#### [YOUR ASSIGNMENT]
Word for word, restate the records that come next, omitting the images.

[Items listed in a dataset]
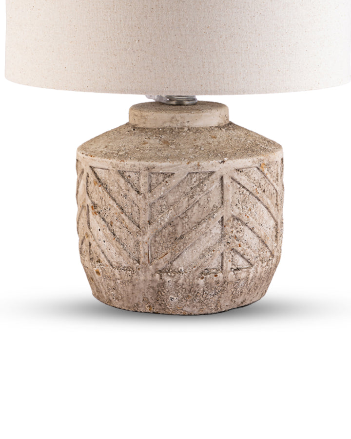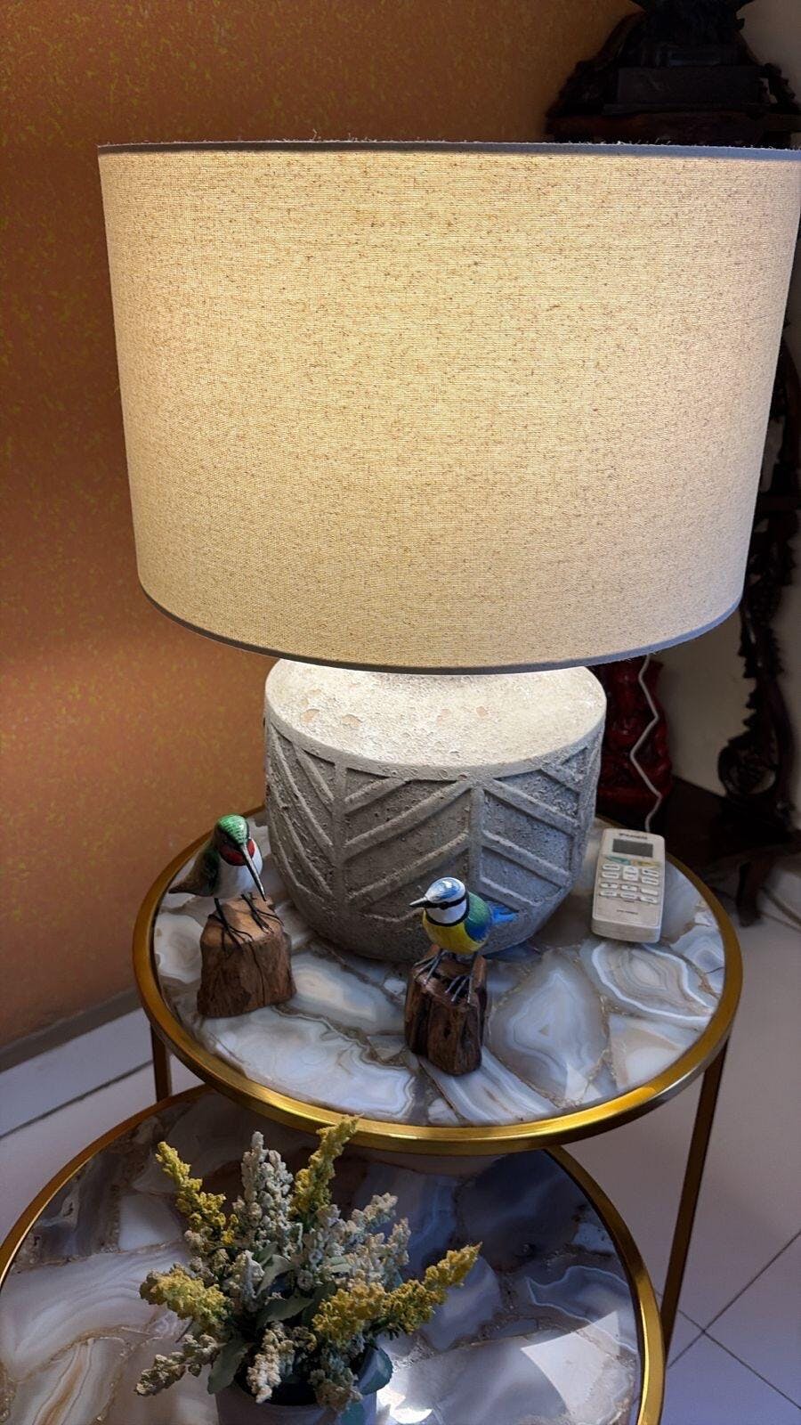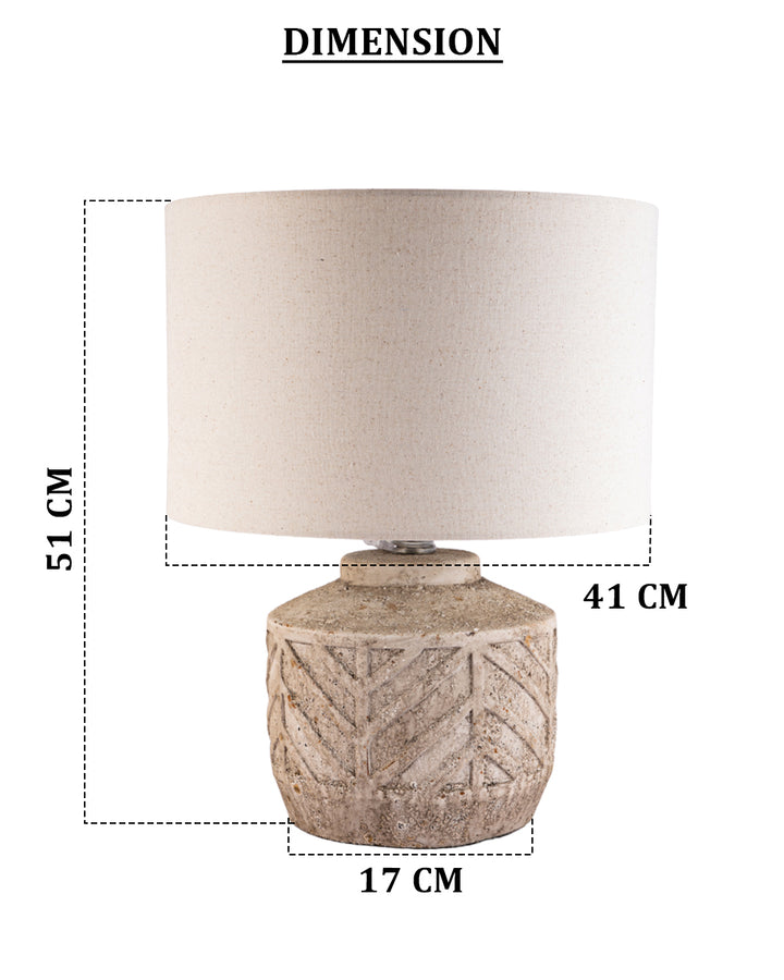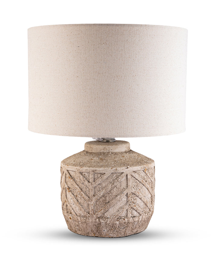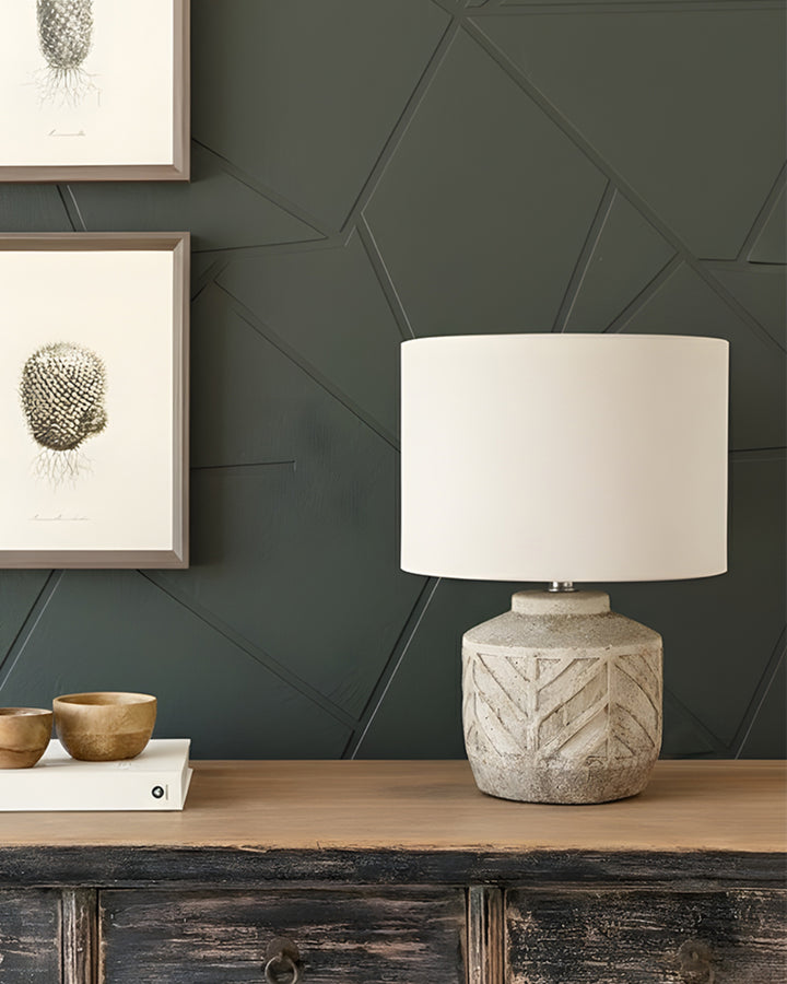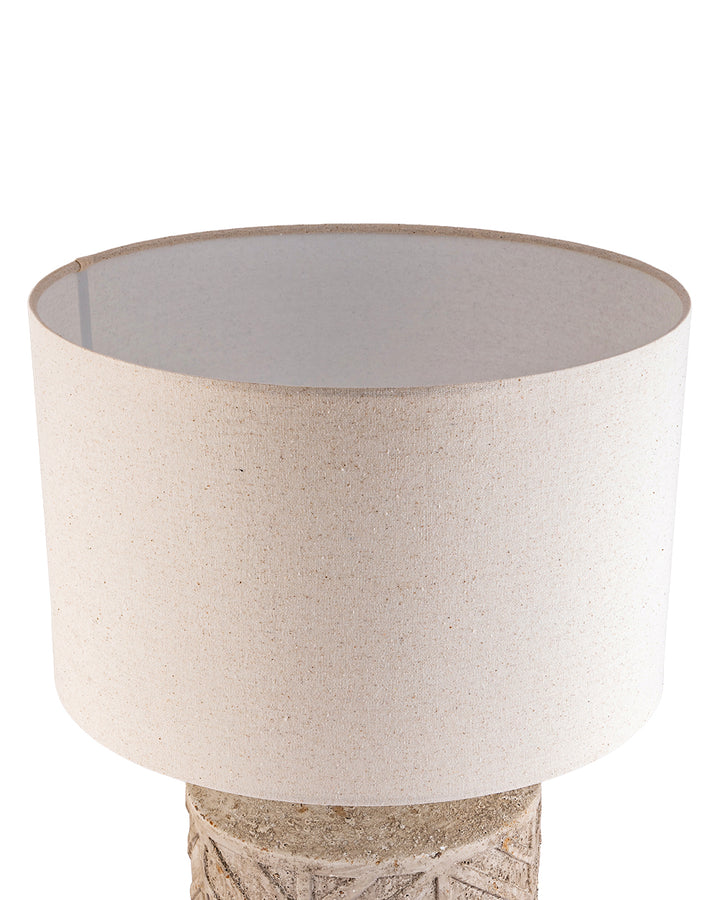 This lamp boasts a grand, textured beige shade paired with a sculpted stone base featuring elegant geometric carvings—an artful fusion of rustic charm and refined luxury.
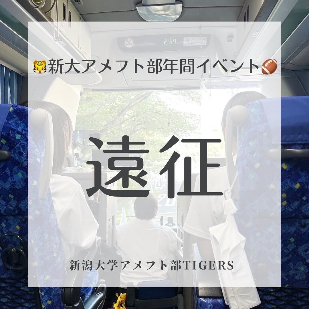 【新大アメフト部イベント紹介】 新大アメフト部には楽しいイベントが盛りだくさん!昨日に引き続き、本日もご紹介します🏻 ②遠征 練習試合の際やシーズン(試合期間)中は部員全員で関東方面に行きます! 試合に向けて前泊をすることが多いため、みんなでいっしょにごはんを食べたり、宿やバスで楽しく過ごしたりします! また、試合で見ることができる選手やスタッフのかっこいい姿は必見です… ┈┈┈┈┈┈┈┈┈┈ 見学・体験いつでもお待ちしています🏻 1人でも、お友だちとでも、途中参加・退出ももちろんOKです!見学の場合は私服で、体験の場合はぜひ動きやすい格好でお越しください!動きやすい服がない場合は貸出も行います ※練習日時は変更する場合があります。見学・体験を希望する方はぜひDMへご連絡ください 春休み期間練習(3/9~3/31) 晴天時:五十嵐キャンパス サッカー・ラグビー場 雨天時:五十嵐キャンパス第2体育館Bフロア 日時:水~日曜 9:00~12:00 質問などもDMでいつでも受け付けています! アメフト部のことだけでなく新生活に関することなど、どんな些細なことでもお気軽にご連絡ください🏻
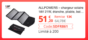 Code promo panneaux solaire Pliable ALLPOWERS chargeur de batterie 12V pour voiture, téléphone portable, randonnée en plein air … Profitez De
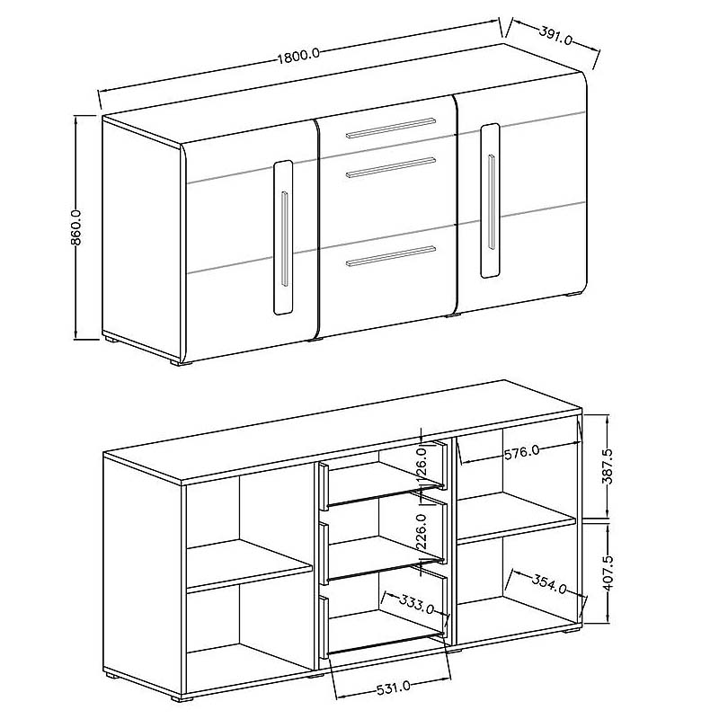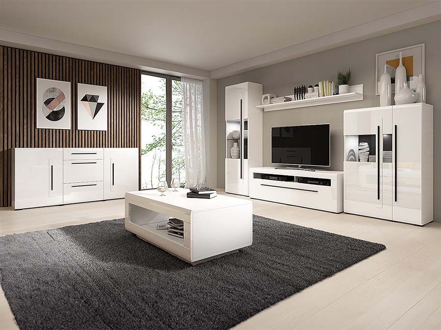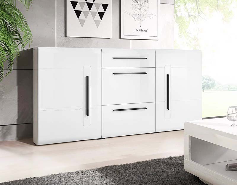 Com linhas limpas e um acabamento brilhante, o Aparador Branco Tulsa destaca-se pela sua estética moderna e pela capacidade de arrumação.
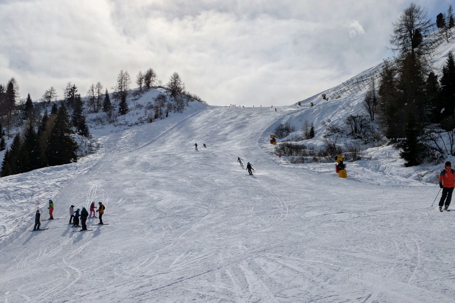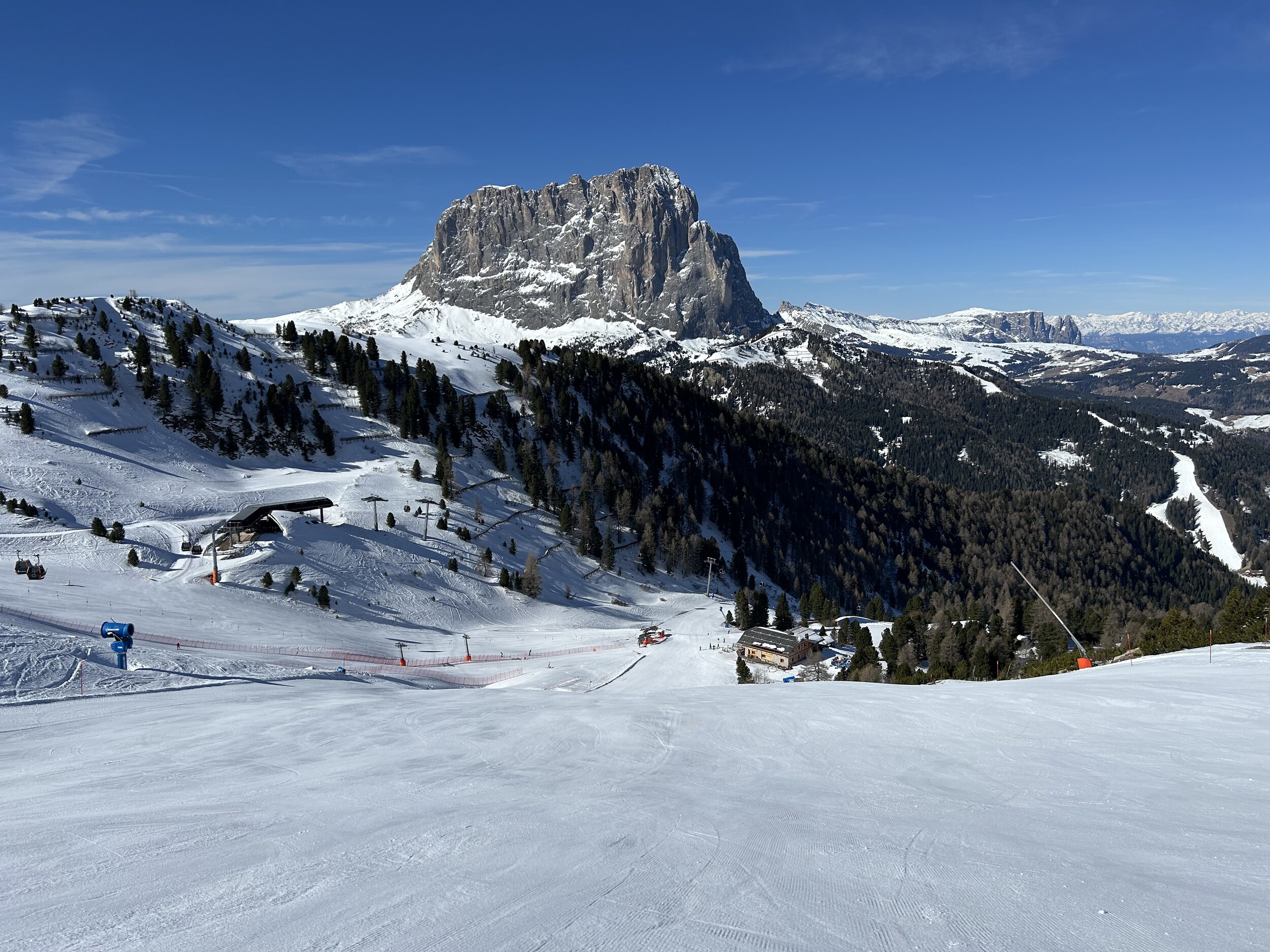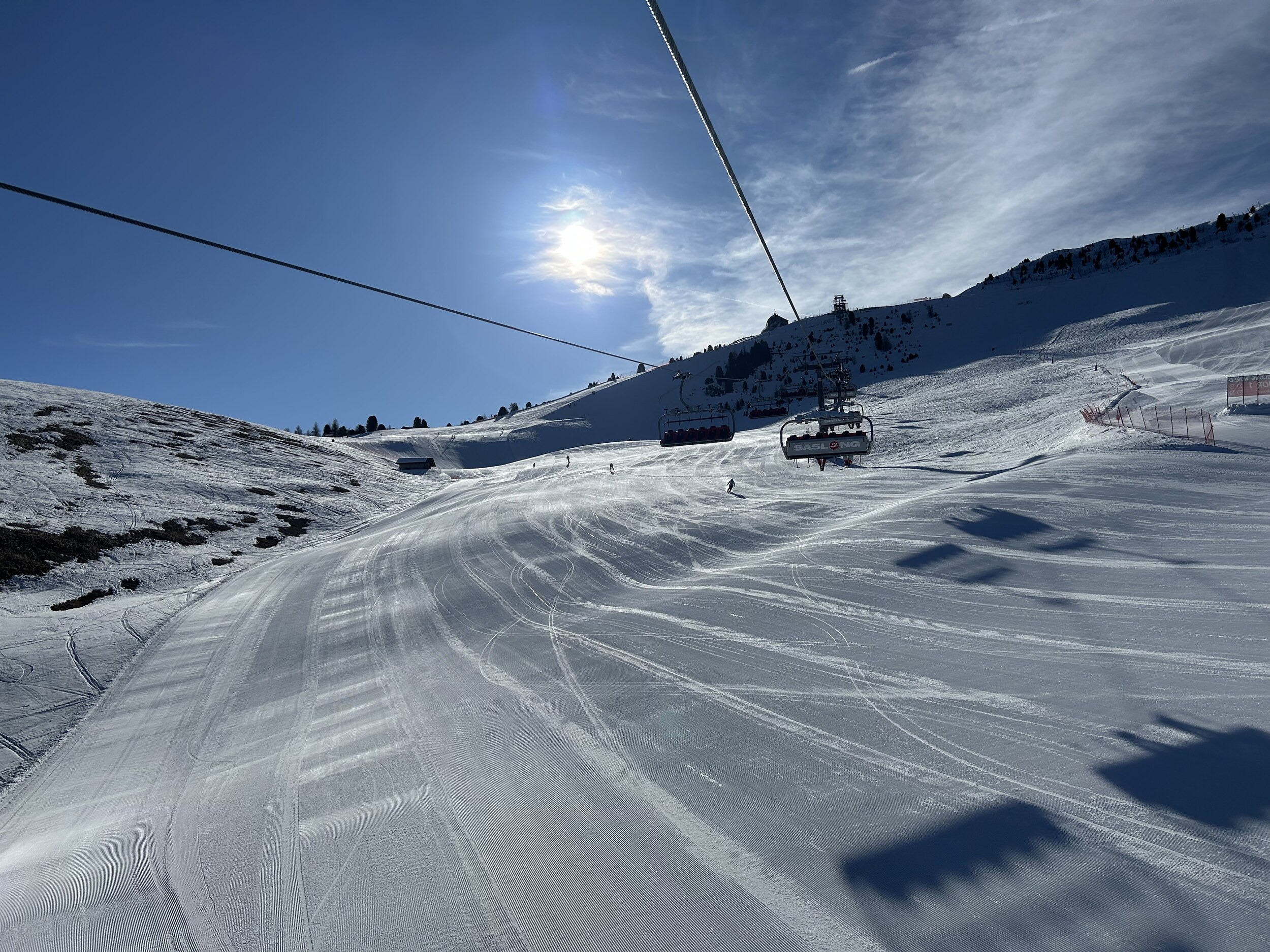 Das Kernproblem ist aber schlicht, dass es in der Hauptsaison viel zu voll ist! Egal ob auf der Piste, vor dem Lift, im Lift, oder auf der Hütte. Dazu viele alte leistungsschwache Anlagen machen es nicht besser, aber auch mit neuen leistungsstarken Anlagen wird das Problem nicht grundsätzlich gelöst, wie man z.B. an Bamby und Spitzbühl sehen kann, die beide zeitgemäße 6er CLDs sind. Und die Pisten sind halt vielfach auch zu voll. Eigentlich müsste auch die Seiser Alm zu einer Limitierung von Skipässen greifen, wie es ein anderes Skigebiet in Italien jetzt wohl gemacht hat. Aufgrund der Zugehörigkeit zu Dolomiti Superski und auch Verbund Gröden/Seiser-Alm dürfte das aber kaum möglich sein. Im Vergleich zur Sella Ronda ist das Problem vor allem, dass man ja auch nicht einfach mal irgendwo in ein Seitental oder sonstwie weniger frequentierten Bereich ausweichen kann - man ist auf der Seiser-Alm quasi "gefangen". Die Menschenmassen am Panorama (den man zum Glück nicht fahren muss) reichen schon fast an die Bilder aus amerikanischen Skigebieten ran. Und auf den vollen Pisten sind natürlich jede Menge Kandidaten dabei, denen man mal einen Skikurs nahelegen würde.

#### [TASK SOLUTION]
 This lamp boasts a grand, textured beige shade paired with a sculpted stone base featuring elegant geometric carvings—an artful fusion of rustic charm and refined luxury.
 【新大アメフト部イベント紹介】 新大アメフト部には楽しいイベントが盛りだくさん!昨日に引き続き、本日もご紹介します🏻 ②遠征 練習試合の際やシーズン(試合期間)中は部員全員で関東方面に行きます! 試合に向けて前泊をすることが多いため、みんなでいっしょにごはんを食べたり、宿やバスで楽しく過ごしたりします! また、試合で見ることができる選手やスタッフのかっこいい姿は必見です… ┈┈┈┈┈┈┈┈┈┈ 見学・体験いつでもお待ちしています🏻 1人でも、お友だちとでも、途中参加・退出ももちろんOKです!見学の場合は私服で、体験の場合はぜひ動きやすい格好でお越しください!動きやすい服がない場合は貸出も行います ※練習日時は変更する場合があります。見学・体験を希望する方はぜひDMへご連絡ください 春休み期間練習(3/9~3/31) 晴天時:五十嵐キャンパス サッカー・ラグビー場 雨天時:五十嵐キャンパス第2体育館Bフロア 日時:水~日曜 9:00~12:00 質問などもDMでいつでも受け付けています! アメフト部のことだけでなく新生活に関することなど、どんな些細なことでもお気軽にご連絡ください🏻
 Code promo panneaux solaire Pliable ALLPOWERS chargeur de batterie 12V pour voiture, téléphone portable, randonnée en plein air … Profitez De
 Com linhas limpas e um acabamento brilhante, o Aparador Branco Tulsa destaca-se pela sua estética moderna e pela capacidade de arrumação.
 Das Kernproblem ist aber schlicht, dass es in der Hauptsaison viel zu voll ist! Egal ob auf der Piste, vor dem Lift, im Lift, oder auf der Hütte. Dazu viele alte leistungsschwache Anlagen machen es nicht besser, aber auch mit neuen leistungsstarken Anlagen wird das Problem nicht grundsätzlich gelöst, wie man z.B. an Bamby und Spitzbühl sehen kann, die beide zeitgemäße 6er CLDs sind. Und die Pisten sind halt vielfach auch zu voll. Eigentlich müsste auch die Seiser Alm zu einer Limitierung von Skipässen greifen, wie es ein anderes Skigebiet in Italien jetzt wohl gemacht hat. Aufgrund der Zugehörigkeit zu Dolomiti Superski und auch Verbund Gröden/Seiser-Alm dürfte das aber kaum möglich sein. Im Vergleich zur Sella Ronda ist das Problem vor allem, dass man ja auch nicht einfach mal irgendwo in ein Seitental oder sonstwie weniger frequentierten Bereich ausweichen kann - man ist auf der Seiser-Alm quasi "gefangen". Die Menschenmassen am Panorama (den man zum Glück nicht fahren muss) reichen schon fast an die Bilder aus amerikanischen Skigebieten ran. Und auf den vollen Pisten sind natürlich jede Menge Kandidaten dabei, denen man mal einen Skikurs nahelegen würde.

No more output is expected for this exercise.